(Entries supplied begins)
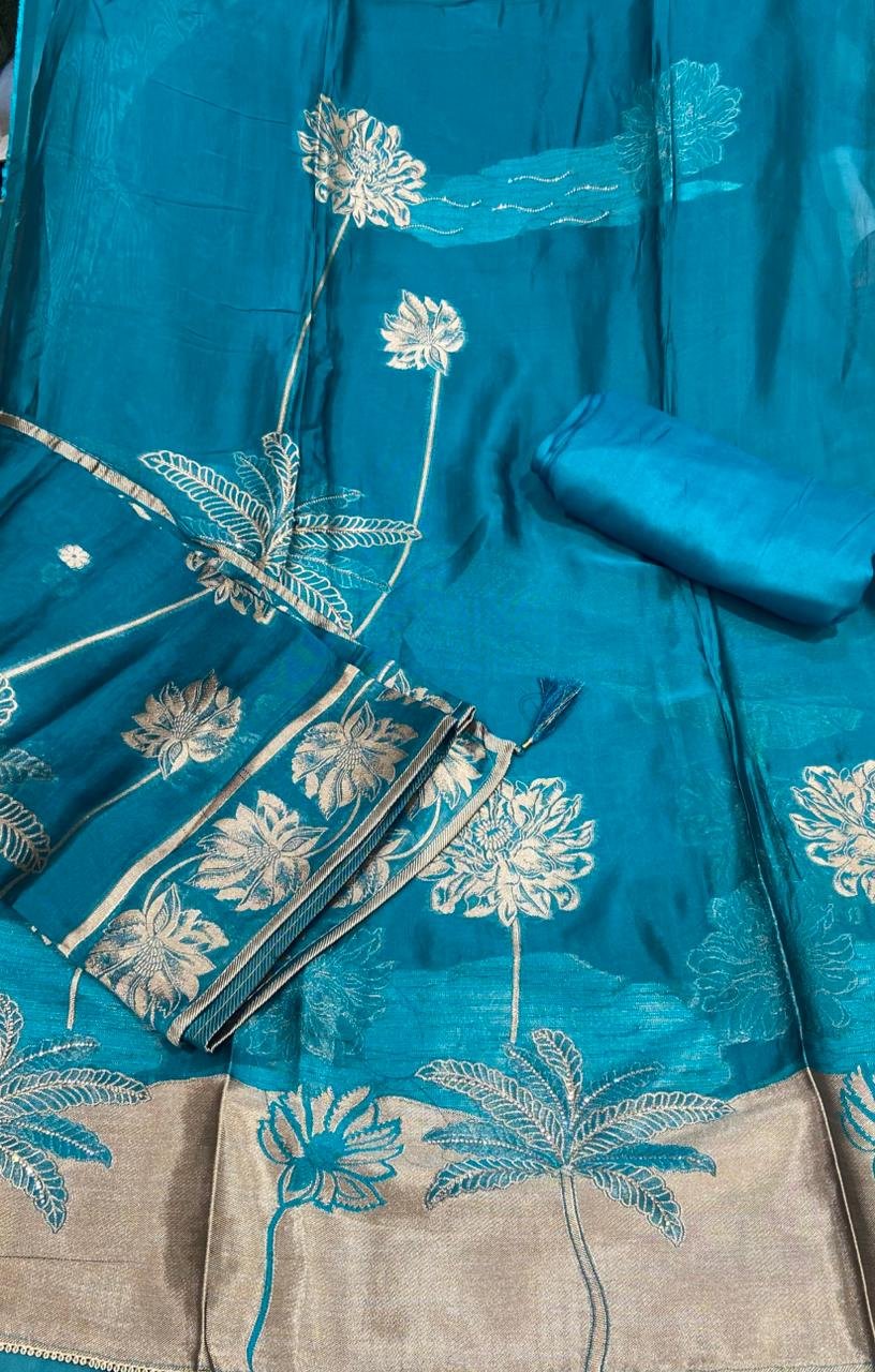 Silk Fabric Handwork Firozi Colour Designer Suit
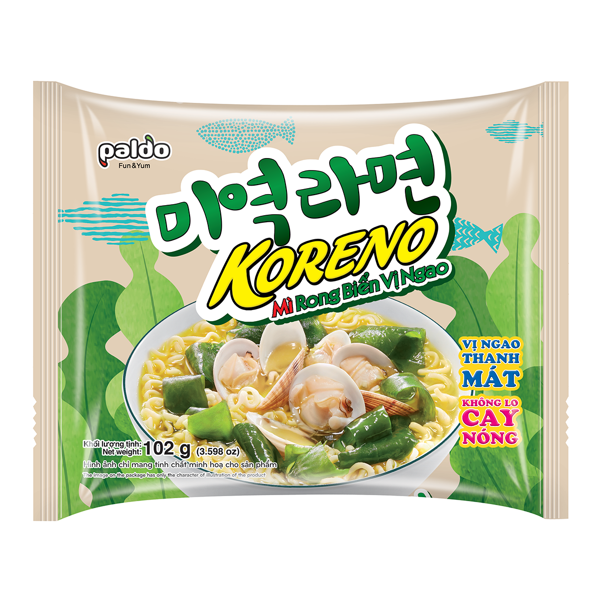 - Mì Koreno Rong Biển Vị Ngao với vị ngao kết hợp rong biển ngon lành, dễ ăn, mang hương vị Hàn Quốc. Sản phẩm được chế biến theo công nghệ Hàn Quốc giúp cho
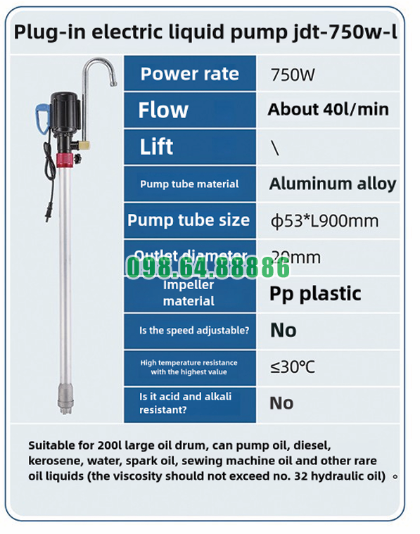 Máy bơm điện chuyên dùng cho thùng phuy JDT-750W-L là một thiết bị rất đáng tin cậy khi cần duy trì áp suất ổn định trong quá trình bơm chất lỏng. Với công suất ổn định 750W, khả năng bơm nhanh chóng và hiệu quả, máy bơm này giúp duy trì áp suất đều đặn khi bơm các loại dầu, nước và các chất lỏng khác, đặc biệt trong các ứng dụng công nghiệp. Máy không chỉ giúp tăng hiệu suất công việc, mà còn giảm thiểu rủi ro và bảo vệ thiết bị trong suốt quá trình bơm, mang lại sự an toàn và hiệu quả tối ưu cho người sử dụng.
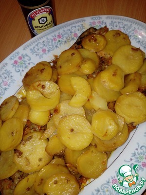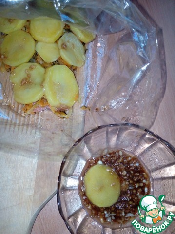 Поверх обжаренных овощей разложить ломтики отварного картофеля, предварительно обмакивая их в заправке.
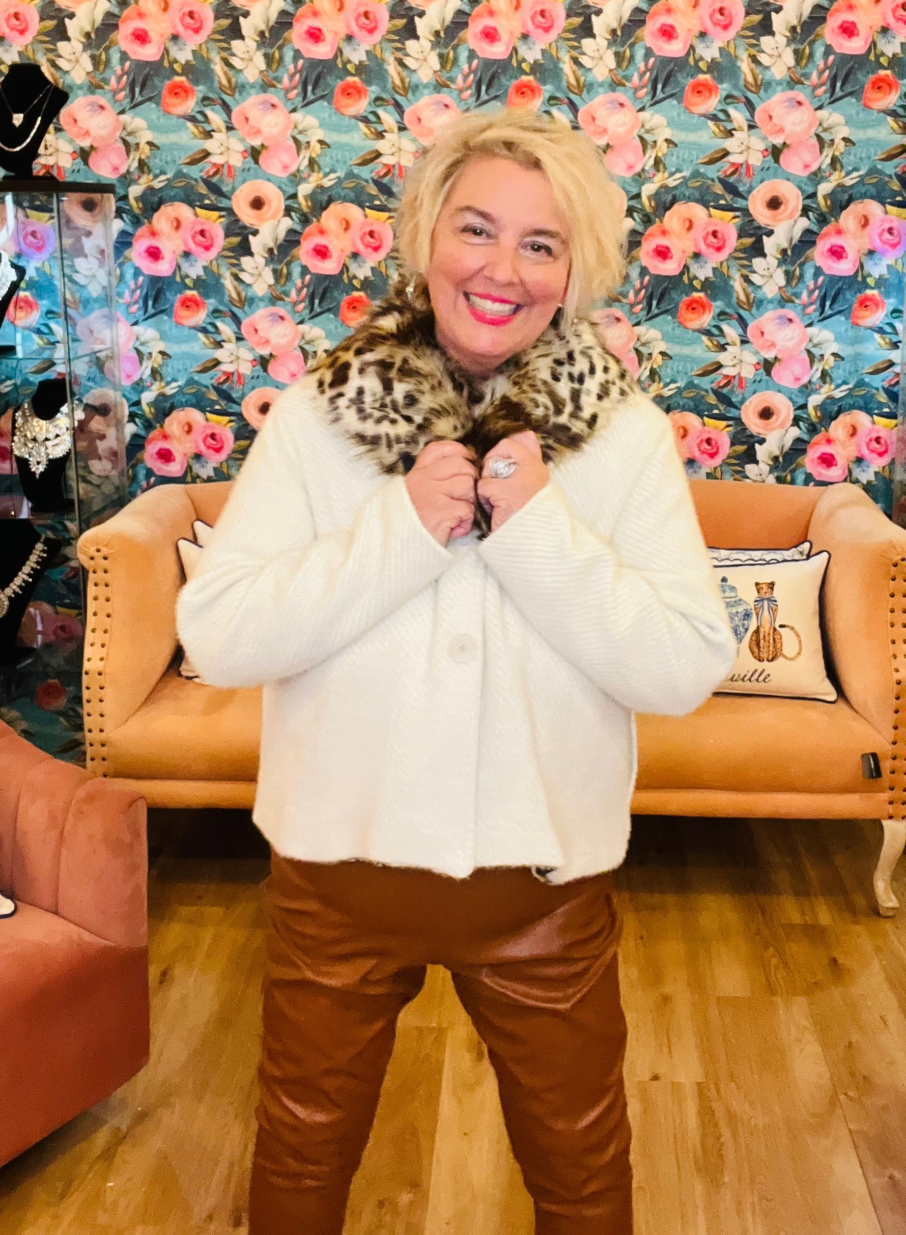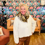 Our Italian one size brand did it again!  Feeling so special in the leopard faux fur collard sweater!
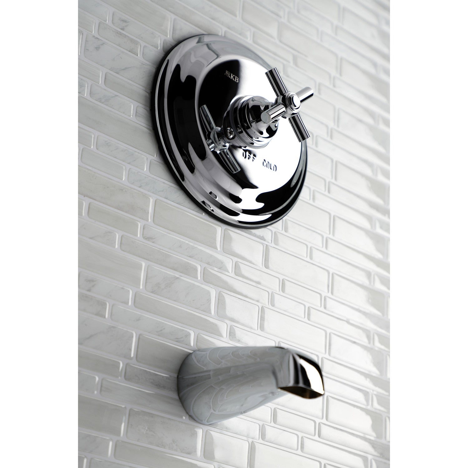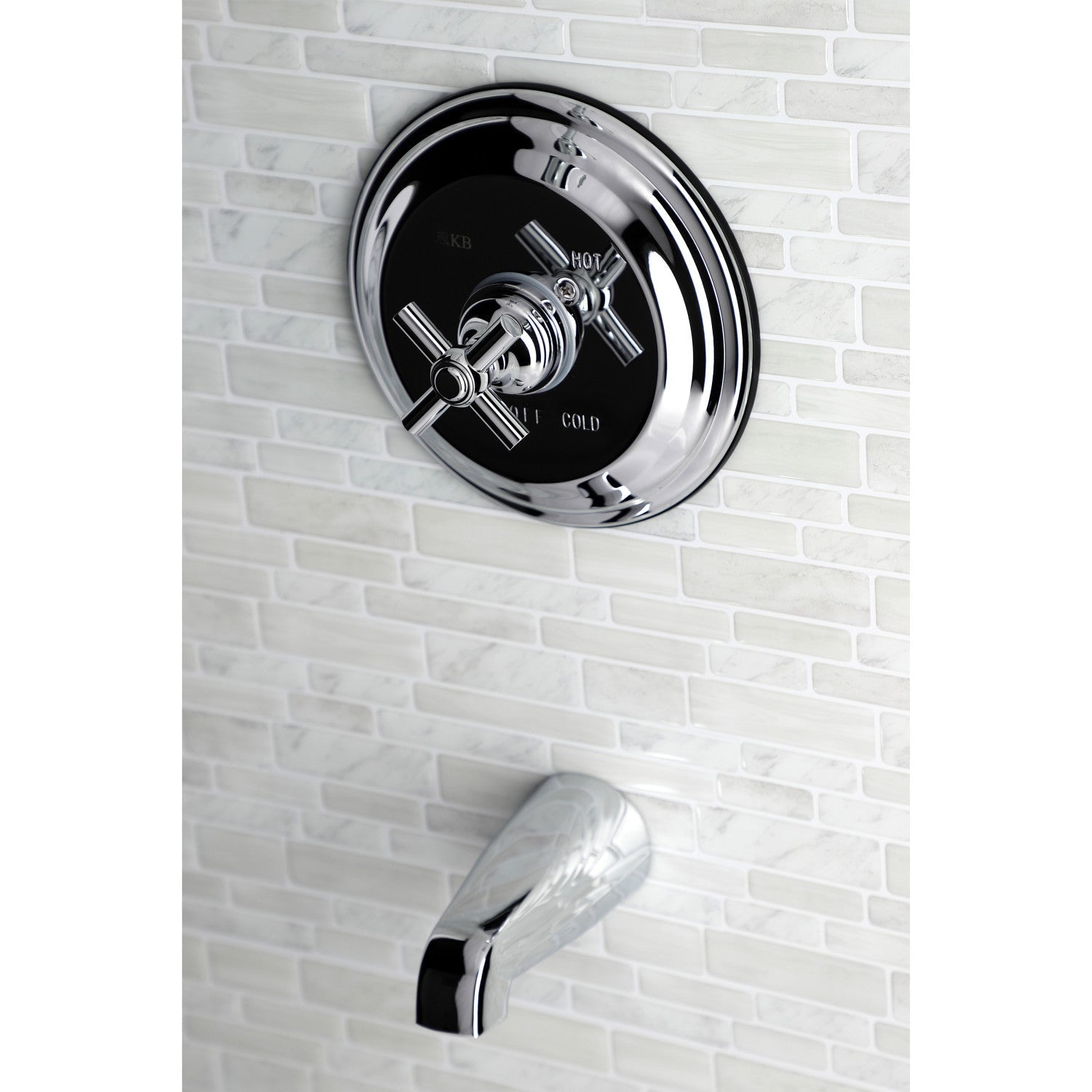 This tub and shower faucet's modern features create a bold and edgy design in your bathroom. Complete with an easy-to-turn cross handle, an optimum bathing experience awaits. Enjoy the sturdy brass construction and premium polished chrome finish for a fixture that will last for years to come. A pressure balanced valve is included for safety and protection against accidental burns.
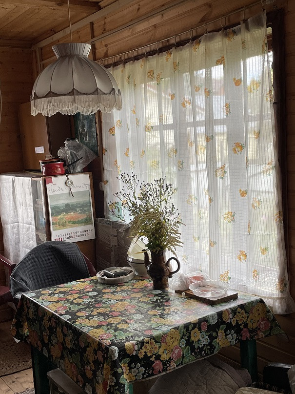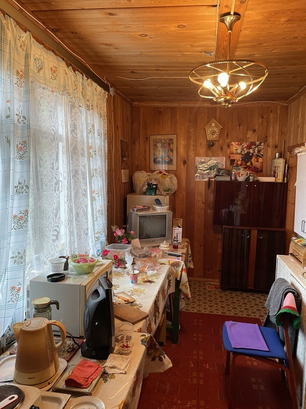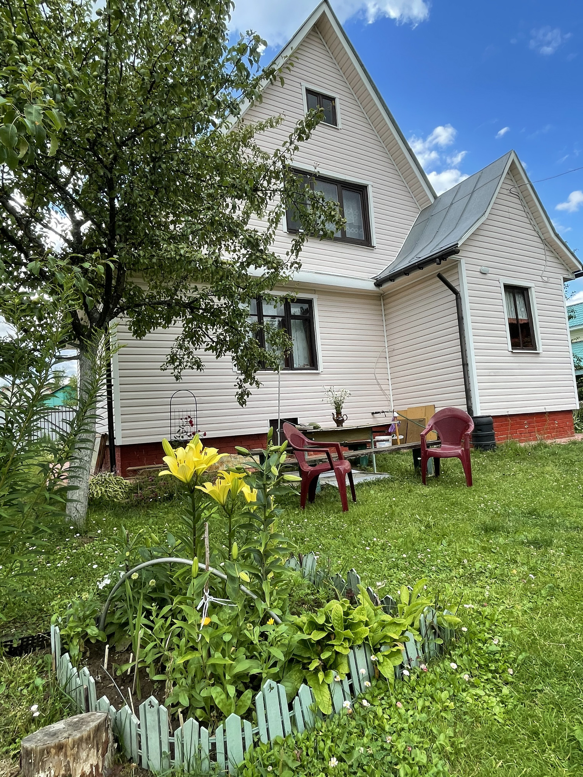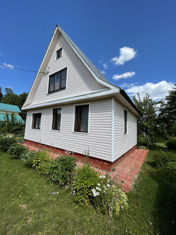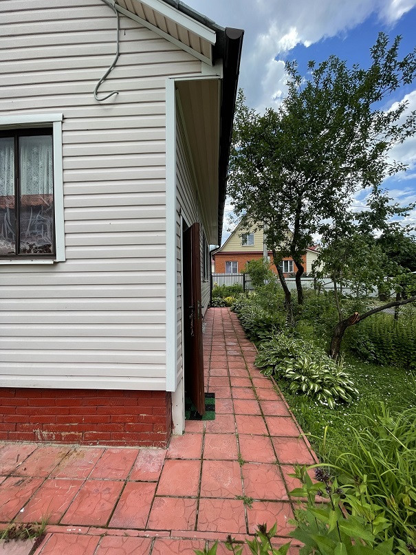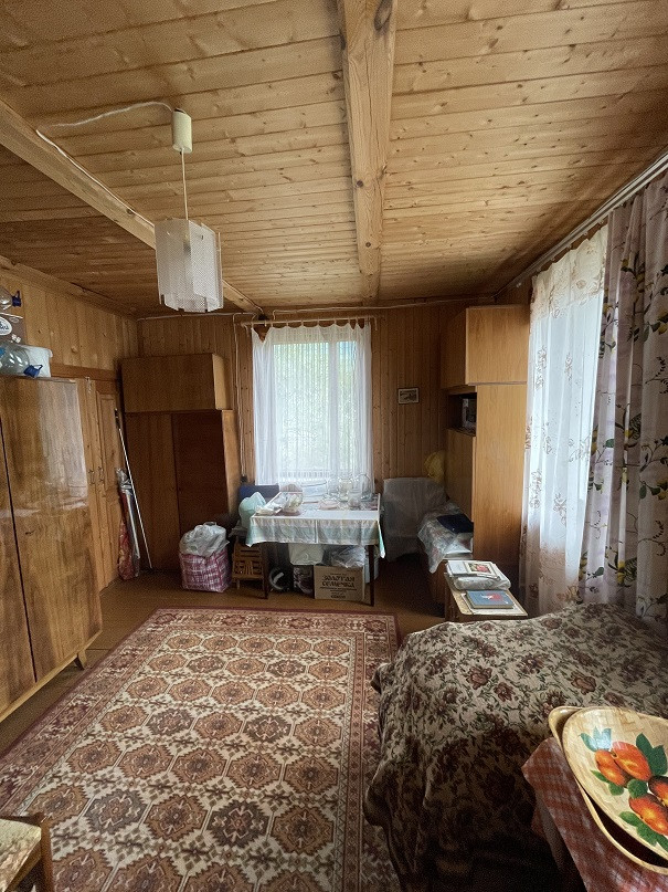 Дом на участке 7 соток, 2-х уровневый, площадь 1-го этажа 60м². Материал – бревно 25см, отделан снаружи сайдингом, изнутри отделан вагонкой. В доме есть печка, камины на 1-м и 2-м этаже. На 1-м этаже комната, кухня, терасса, прихожая, душ. Вода – скважина 7м, подаётся насосом. Есть два накопительных водонагревателя – в душе и на кухне.
(Entries supplied ends)
Exercise directions: Every entry above needs to be copied exactly, apart from its pictures.

Response:
 Silk Fabric Handwork Firozi Colour Designer Suit
 - Mì Koreno Rong Biển Vị Ngao với vị ngao kết hợp rong biển ngon lành, dễ ăn, mang hương vị Hàn Quốc. Sản phẩm được chế biến theo công nghệ Hàn Quốc giúp cho
 Máy bơm điện chuyên dùng cho thùng phuy JDT-750W-L là một thiết bị rất đáng tin cậy khi cần duy trì áp suất ổn định trong quá trình bơm chất lỏng. Với công suất ổn định 750W, khả năng bơm nhanh chóng và hiệu quả, máy bơm này giúp duy trì áp suất đều đặn khi bơm các loại dầu, nước và các chất lỏng khác, đặc biệt trong các ứng dụng công nghiệp. Máy không chỉ giúp tăng hiệu suất công việc, mà còn giảm thiểu rủi ro và bảo vệ thiết bị trong suốt quá trình bơm, mang lại sự an toàn và hiệu quả tối ưu cho người sử dụng.
 Поверх обжаренных овощей разложить ломтики отварного картофеля, предварительно обмакивая их в заправке.
 Our Italian one size brand did it again!  Feeling so special in the leopard faux fur collard sweater!
 This tub and shower faucet's modern features create a bold and edgy design in your bathroom. Complete with an easy-to-turn cross handle, an optimum bathing experience awaits. Enjoy the sturdy brass construction and premium polished chrome finish for a fixture that will last for years to come. A pressure balanced valve is included for safety and protection against accidental burns.
 Дом на участке 7 соток, 2-х уровневый, площадь 1-го этажа 60м². Материал – бревно 25см, отделан снаружи сайдингом, изнутри отделан вагонкой. В доме есть печка, камины на 1-м и 2-м этаже. На 1-м этаже комната, кухня, терасса, прихожая, душ. Вода – скважина 7м, подаётся насосом. Есть два накопительных водонагревателя – в душе и на кухне.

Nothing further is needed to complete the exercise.